Metal-support interactions (MSI) are pivotal for properties and performance of functional nanomaterials. MSI encompass a range of interactions, including chemical bonding, electrostatic forces, and van der Waals interactions, which collectively govern the adhesion of metal nanoparticles (NP) to a support. In heterogeneous catalysis, where oxide-supported metal NP play a central role, MSI control catalyst properties such as metal dispersion and catalyst stability, enhancing catalytic performance and lifetime. While a fundamental understanding of these interactions is hence essential, only a single experimental technique exists to-date that can directly measure nanoparticle adhesion, and this technique is inherently limited to monometallic systems. Multimetallic NP adhesion has so far eluded direct experimental measurement and hence remains poorly understood.

Here, we present a novel technique for the measurement of nanoparticle adhesion via “In situ measurement of Nanoparticle-Support Interactions” (INSI). The technique couples the spatial resolution of transmission electron microscopy (TEM) with the force resolution of atomic-force-microscopy (AFM), enabling direct measurement of the force of adhesion via probing in situ the formation and separation of an interface between an individual metal nanoparticle and an oxide-coated AFM probe.

We validated the technique by measuring the work of adhesion for monometallic supported nanoparticles (Pt, Pd, Au, and Ag on CeO₂, TiO₂, and MgO) and verifying the results against reported trends.

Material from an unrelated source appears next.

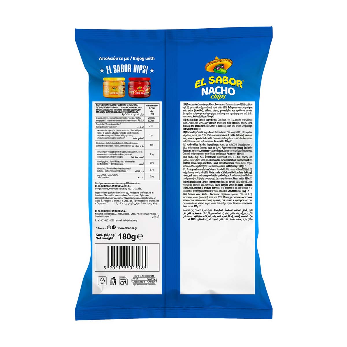 El Sabor Nacho Chips Με Αλάτι Χωρίς Γλουτένη 180 gr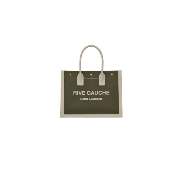 RIVE GAUCHE SMALL TOTE BAG IN LINEN AND LEATHER

We then applied the technique to three ceria-supported bimetallic nanoparticle systems (AuPt, AuPd, and AuAg; each 0 – 100% Au) and found complex, non-monotonic relationships between adhesion and composition. A simple analytical model of interfacial bonding was able to accurately reproduce the observed behavior, suggesting that adhesion between bimetallic particles and oxide supports is primarily governed by charge transfer between the constituent metals.

This new ability to probe the impact of alloying on nanoscale adhesion has the capacity to advance fundamental understanding of heterogeneous catalysis by multimetallic nanoparticles.